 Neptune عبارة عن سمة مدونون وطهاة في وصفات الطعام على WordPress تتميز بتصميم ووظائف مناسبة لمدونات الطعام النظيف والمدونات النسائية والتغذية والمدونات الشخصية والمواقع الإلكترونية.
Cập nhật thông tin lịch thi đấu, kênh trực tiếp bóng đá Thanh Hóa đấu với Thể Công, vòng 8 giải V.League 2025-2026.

...

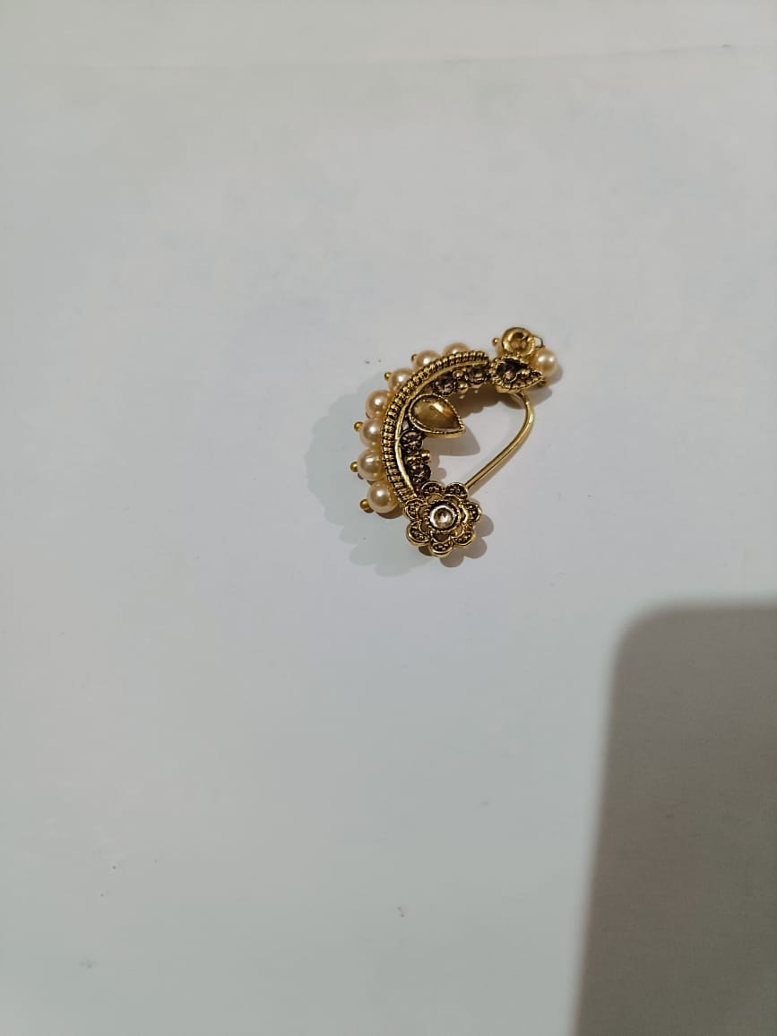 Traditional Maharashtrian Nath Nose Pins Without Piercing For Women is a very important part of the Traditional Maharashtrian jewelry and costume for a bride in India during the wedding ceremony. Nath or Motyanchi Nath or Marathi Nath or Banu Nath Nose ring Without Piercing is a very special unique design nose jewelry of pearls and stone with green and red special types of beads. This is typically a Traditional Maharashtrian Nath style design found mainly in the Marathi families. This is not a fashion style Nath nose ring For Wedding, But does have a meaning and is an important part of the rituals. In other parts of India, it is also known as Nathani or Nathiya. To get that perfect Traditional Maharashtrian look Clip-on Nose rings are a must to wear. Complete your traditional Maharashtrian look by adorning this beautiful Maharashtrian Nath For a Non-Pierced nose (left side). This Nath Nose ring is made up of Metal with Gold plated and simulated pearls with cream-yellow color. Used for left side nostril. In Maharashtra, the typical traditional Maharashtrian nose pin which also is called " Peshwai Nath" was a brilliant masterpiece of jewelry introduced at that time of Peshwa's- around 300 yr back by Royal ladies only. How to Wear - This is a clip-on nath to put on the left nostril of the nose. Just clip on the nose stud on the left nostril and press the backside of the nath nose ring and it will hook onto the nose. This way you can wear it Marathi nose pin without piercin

__PROBLEM DESCRIPTION__.
From the material above, retype precisely the lines between the line holding "Neptune عبارة عن" and the line holding "Cập nhật thông", inclusive, and nothing beyond them.

__REPLY TO THE EXERCISE__.
 Neptune عبارة عن سمة مدونون وطهاة في وصفات الطعام على WordPress تتميز بتصميم ووظائف مناسبة لمدونات الطعام النظيف والمدونات النسائية والتغذية والمدونات الشخصية والمواقع الإلكترونية.
Cập nhật thông tin lịch thi đấu, kênh trực tiếp bóng đá Thanh Hóa đấu với Thể Công, vòng 8 giải V.League 2025-2026.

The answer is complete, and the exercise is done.